Introduction: The Time You Do Not Have

“In that transition from high school to college, you can go from being in a very structured environment to suddenly an environment where if there’s structure, it’s because you provide it.”

—Katie Dufault

The Broccoli Cheddar Soup Allegory

A careless jolt of the forearm was all it took for my pants to be covered in broccoli cheddar soup.

I’ll back up. I was working on homework at 11:30 p.m. (as a college student does), listening to motivating tunes (as a college student does), eating a bowl of microwavable broccoli cheddar soup I got for a dollar (yes, college student). But I moved my arm too quickly to the keyboard, and the plastic cup of soupy potato flakes and slimy dairy sauce slopped all over the desk and into the carpet. And onto my pants.

The mess stunned me for a few seconds as I scrambled to decide what to do. This wasn’t a simple clean-up, after all. I had to:

  • Grab cleaning supplies.
  • Clean my pants.
  • Clean the desk.
  • Clean the chair.
  • Clean the carpet.

So, what did I do? I started by pausing my music (I needed to concentrate, and I didn’t want my YouTube playlist to skip a good song, either). Next, I darted up for a roll of paper towels from my shelf. Following their retrieval, I cleared the desk to the best of my ability to stop the goop from dripping to the floor. After that, I decided to save my Word document (I’m beyond paranoid about saving my homework). Then, I wiped the carpet to avoid permanent stains of processed cheese. I followed this by wiping my pants and flushing the stains profusely with my water bottle. Finally, though not as important, I briefly cleaned the chair.

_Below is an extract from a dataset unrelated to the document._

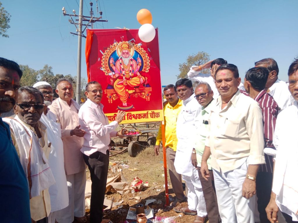 दिनांक ३ फेब्रुवारी शुक्रवारला एका स्थानिक चौकाला प्रजापती श्री विश्वकर्मा असे नामकरन करण्यात आले तत्पूर्वी कला व कौशल्या चे आराध्य दैवत प्रजापती श्री विश्वकर्मा यांच्या प्रतिमेला पुष्पहार अर्पण करून तदनंतर उपस्थित असलेल्या मान्यवरांनी विधिवत पूजन करून आदरयुक्त नमस्कार अर्पण केला तसे बघता ज्यावेळी कोणतीही कला कौशल्य या बाबीची जडणघडण किंवा जन्मा घालावयाची असल्यास श्री प्रजापती विश्वकर्मा यांचे स्मरण करूनच पुढील कार्य सिद्दीस नेल्या जाते तसेच अनेक पौराणिक कथेमध्ये सुद्धा प्रजापती श्री विश्वकर्मा यांच्या कलेचा उत्कृष्ट व सुबक अशा कलाकृतींचे पितामह म्हणून ओळखल्या जातात त्यामुळे या दिलेल्या चौकाला श्री विश्वकर्मा यांचे नाव दिल्यामुळे योग्य तो न्याय या परिसराला मिळाला असे अनेक उपस्थित असलेल्या मान्यवरांनी आपले मनोगत व्यक्त करताना यावेळी सांगितले विशेष म्हणजे माता भगिनींनी सूबक व उत्कृष्ट स्थापत्य असलेल्या रांगोळ्या काढून वातावरण अधिकच भक्तिमय व मंगलमय बनवले होते या कार्यक्रमाला शहरातील अनेक प्रतिष्ठित व ज्येष्ठ नागरिक उपस्थित होते त्यामध्ये शहराचे नगराध्यक्ष सुरेशजी जयस्वाल, उपनगराध्यक्ष शेख जहीर, विष्णुदासजी वर्मा, बाळासाहेब चंद्रे, आनंदराव चंद्रे, रमेश गायकवाड, नितीन ठाकूर, शिवाजी वैद्य, व गेल्या अनेक वर्षांपासून प्रजापती श्री विश्वकर्मा यांना आराध्य मानून आपल्या कला व कौशल्याने अख्या पंचकोशीत प्रसिद्ध असलेले गंगाराम सूर्यवंशी सुद्धा उपस्थित होते व अनेक मान्यवरांची उपस्थिती होती.

You probably would have handled this order differently. In fact, I’m counting on it. You may have started cleaning your pants if they were priceless. Or, you would have started with the carpet because your last dorm clean check fined you for a dirty floor. Maybe you would have even had the care to avoid knocking over the soup in the first place.

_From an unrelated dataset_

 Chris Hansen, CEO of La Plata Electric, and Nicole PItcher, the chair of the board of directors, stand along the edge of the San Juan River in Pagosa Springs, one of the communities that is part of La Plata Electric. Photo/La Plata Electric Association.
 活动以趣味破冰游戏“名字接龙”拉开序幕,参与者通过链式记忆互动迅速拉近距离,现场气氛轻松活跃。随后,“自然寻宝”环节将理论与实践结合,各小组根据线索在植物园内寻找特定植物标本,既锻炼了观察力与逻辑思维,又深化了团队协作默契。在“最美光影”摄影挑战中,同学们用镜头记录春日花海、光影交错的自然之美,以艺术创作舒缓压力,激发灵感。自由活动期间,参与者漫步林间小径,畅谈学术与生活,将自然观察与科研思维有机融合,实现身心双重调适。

The order I followed didn’t make sense in the long run, but it did make sense for me in the moment. It subconsciously brought out what I really cared about—music, homework, and lack of damage to apartment property. Though I cared about my pants, they were the last thing on my mind in the crisis.

What Does Soup Have to Do with College Time Management?

Glad you asked. With a careless or unknowledgeable take on your undergraduate experience, a busy college life could gunk all over the desk of your time, as did the gloopy soup over mine. Even the most careful and proactive student will have to deal with a broccoli-cheddar mess every 11:30 in a while. The fact that the soup tips over is inevitable; despite your care or effort, it will happen sooner or later. However, what order you deal with it when it does spill is up to you and makes all the difference.

If you haven’t had a busy week of readings and projects yet in your college experience, you will. The demands of never-ending textbook chapters, grade-plummeting exams, and quasi-permanent stress will overcome you as warm soup overcame my pants that fateful night. How are you going to respond? Will you start by taking care of the most pressing assignment? Or will you ignore the larger issues to pursue free time? Or will you throw in the paper towel and succumb to the mercy of microwavable potato clumps?

As my allegory shows, there is no perfect answer. With the many variations of who a college student is, everyone is going to manage his or her time differently. What matters, though, is how you take initiative of your college experience and proactively try to clean up the mess of backbreaking demands and scatterbrained schedules in an order you won’t regret later.

Study, Sleep, Repeat

Because that’s what we do. We stay up all day to study and go to bed all night to sleep, never taking so much as a mid-week movie marathon or self-care day. I know I’m overgeneralizing; of course you have time for other activities like eating and watching Netflix. That’s great—but the robotic moments of study, sleep, repeat happen eventually, especially when we fail to prepare for the week effectively or treat college as we did high school.

In a world of skipped lunch breaks and revenge bedtime procrastination, college students have days and even weeks of missing time. How wouldn’t we? Every moment from the second we turn our alarm off to the second we turn it back on is filled with mastering fifty-point assignments or preparing for tests whose questions seem to come from the wrong course’s study guide.

I know it feels like you’re missing all of your time and a part of yourself by doing everything the university requires of you. Even the bare minimum can be intimidating and leave you with only fifteen minutes to yourself. This is a problem. But more importantly, there is a solution; 130 of them, in fact.

About This Book

For my senior project, I interviewed eight college success experts (Appendix C) across the United States about their tips on time management. Specifically, I asked sixteen questions (Appendix A) within five troublesome categories: college routine, classes, homework, jobs, and leisure time. These subjects are on the wanted posters of college time management because of how masterfully they terminate our available minutes if not brought to justice immediately.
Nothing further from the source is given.